Child abuse can have a long lasting effect even into adulthood, according to the Blue Knot Foundation, a resource guide for those recovering from childhood traumas. Survivors often suffer from failed relationships, financial setbacks and an unstable lifestyle that makes it hard for them to settle down and live a normal life, Blue Knot explained.
And it's not just abused children who suffer. As Deseret News National's Lois Collins reported earlier this month, children who witness domestic violence but aren't abused will suffer from the violence's after effects.
Betsy Groves, the founder of the Child Witness to Violence Project at the Boston Medical Center, told Deseret News National that children who see domestic violence can be as traumatized as those who actually are abused.
Handling the grief of child abuse later in life can be a struggle, and not something that can be brushed away as Fry initially suggested in his interview.

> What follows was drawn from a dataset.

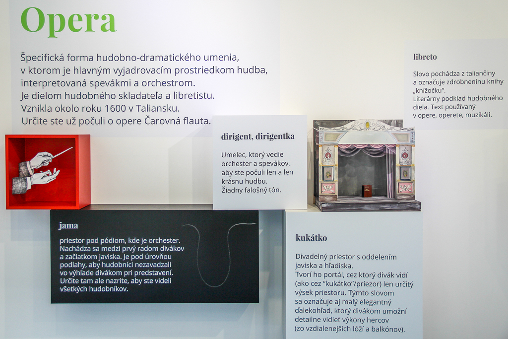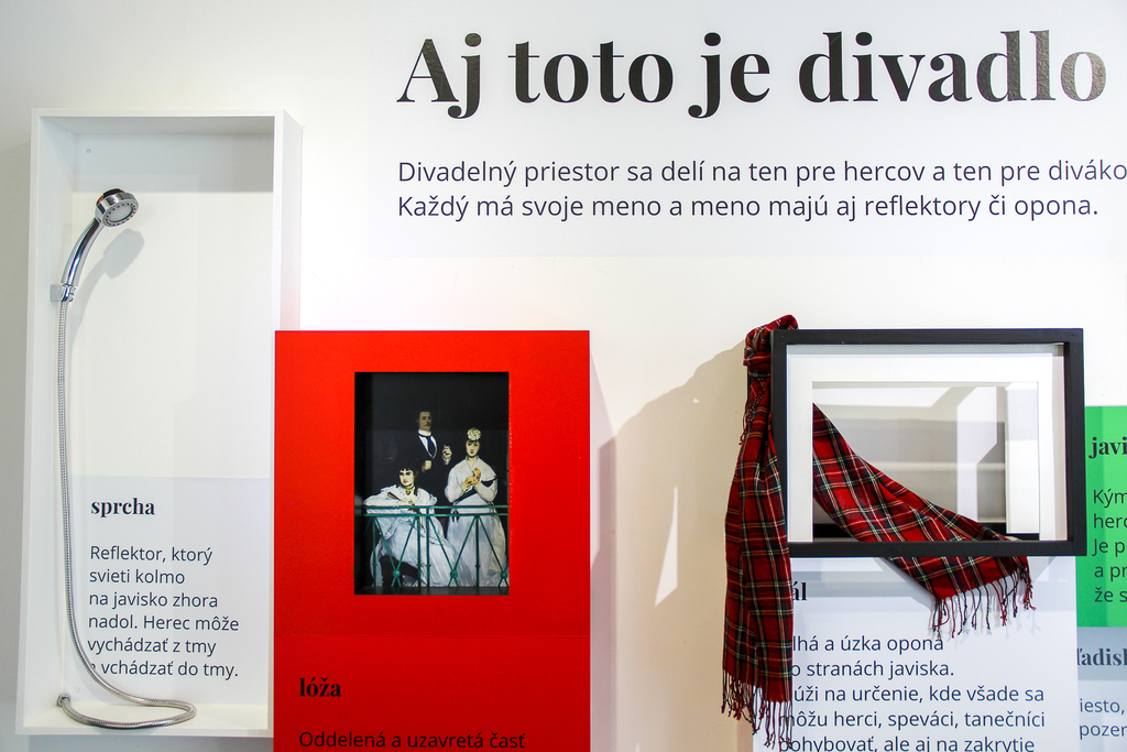 Výstava je koncipovaná ako maxislovník slov, ktoré sa používajú v divadle. Vychádza z publikácie Slovník divadelných profesionalizmov autoriek Oľgy Orgoňovej, Aleny Bohunickej, Zdeny Pašuthovej a Barbory Krajč Zamiškovej. Publikáciu vydala Vysoká škola múzických umení v Bratislave v decembri minulého roka. Niektoré z profesionalizmov boli vybrané a upravené pre detského čitateľa a v mesiacoch február až jún 2020 uverejňované v časopise Slniečko. Súbežne v tomto období vznikali podklady k výstave. Interaktívna expozícia pozostáva z veľkoplošných ilustrácií, z reálnych artefaktov, z originálov kresieb bábkarských scénografov a divadelných plagátov. Autorkou výtvarného konceptu je Michaela Zajačková. Kurátorsky sa na nej podieľa Barbora Krajč Zamišková. Pod výtvarno-priestorové riešenie, technickú realizáciu a ilustrácie sa podpísali Michaela Zajačková, Juraj Žilinčár, Michaela Urbanová, Sara Bahulová. Výpožičky objektov, nákresov a plagátov pochádzajú zo Slovenského centra dizajnu, od Juraja Poliaka, Barbory Šajgalíkovej, Miloša Koptáka, Kataríny Ilkovičovej, Matúša Lelovského a študentov KBT DF VŠMU. Výstavu dramaturgicky zostavila Margita Galová a potrvá v priestoroch mestskej knižnice do 16. októbra 2020. V prípade komentovanej prehliadky je pre skupiny návštevníkov pripravený zaujímavý divadelný kvíz. Výtvarná expozícia je súčasťou medzinárodného festivalu rozhlasových rozprávok Zázračný oriešok. Kniha v rozhlase – rozhlas v knihe, ktorého 11. ročník sa uskutoční v dňoch 28. septembra – 1. októbra 2020 v Piešťanoch.Organizer Mestská knižnica mesta Piešťany

Child abuse victims often feel grief because they feel they have lost their innocence, according to the Help for Adult Victims of Child Abuse (HAVOCA) organization.
"In the case of victims of child abuse you have probably lost your innocence, your childhood, the ability to trust, etc," according to HAVOCA "Everyone grieves in their own way but they all tend to follow a pattern. This pattern is known as the five stages of grief."

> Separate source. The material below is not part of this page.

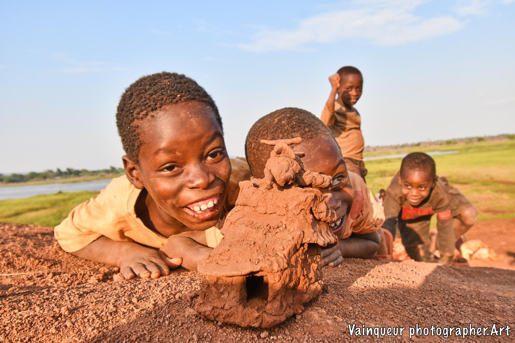 Somewhere in the village of Nyarugusu children relax and enjoy the fresh air in the sunshine near a stagnant pool of water.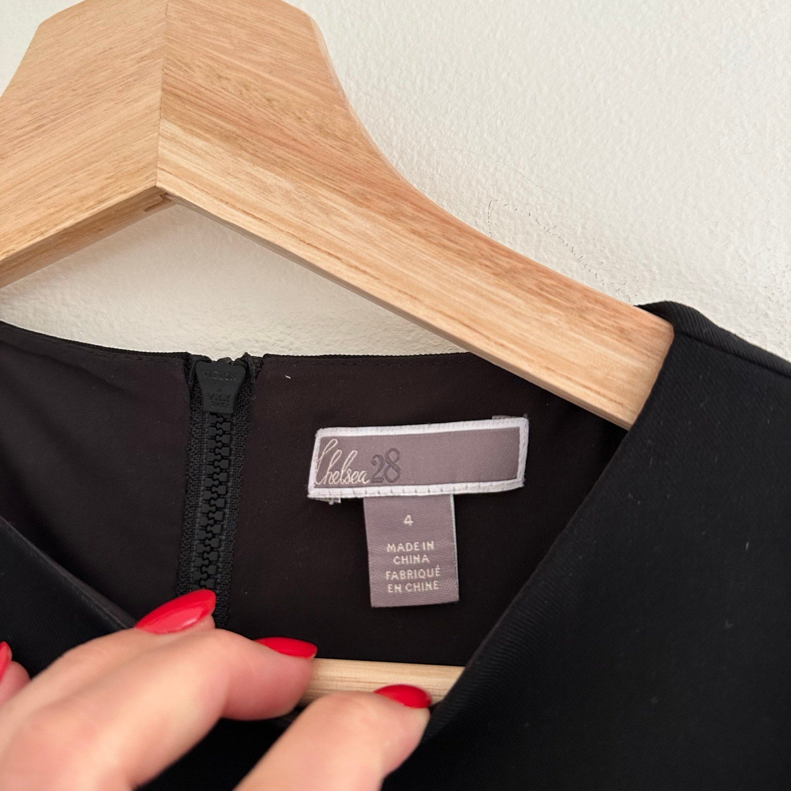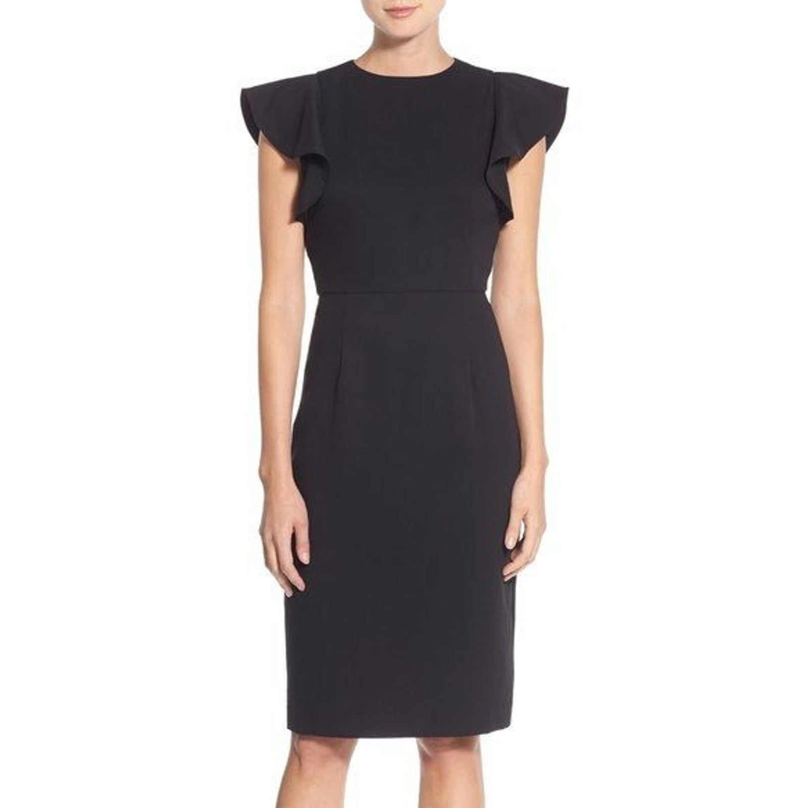 Details: Chelsea28 Crew Neck Flutter Sleeve Mini Sheath Dress - Size: 4- Color: Black- Material: 100% Polyester- Features: Crew neck, flutter sleeve, mini length, sheath styling, lined, machine wash, zipper closure, comfort, casual.

These five stages are outlined in the graphic below, created by HAVOCA.
To handle the grief, HAVOCA suggests child abuse victims keep a journal with their thoughts and feelings about their abuse to help them see where their troubles lie. The organization also recommends talking to a therapist or loved one about the issue, since it will make it easier to come to terms with the abuse.
According to The Advocacy Center, a resource for domestic violence and abuse victims, the healing process can be a long one. Survivors often struggle to heal until they admit they need to change the way they live their lives. Sometimes this requires them to believe that their abuse was real, and remember aspects of it that they might have buried in the recesses of their mind.
It may also require victims to come to terms with their childhood self so that they can confront all their pain.
"The healing process can be a long one, but there will come a point where the survivor feels like their life is more balanced and that they are no longer in constant crisis," according to The Advocacy Center. "It is important for survivors to remember that there is no finish line to healing, they will have some good days and some hard days but the hard days will come less and less."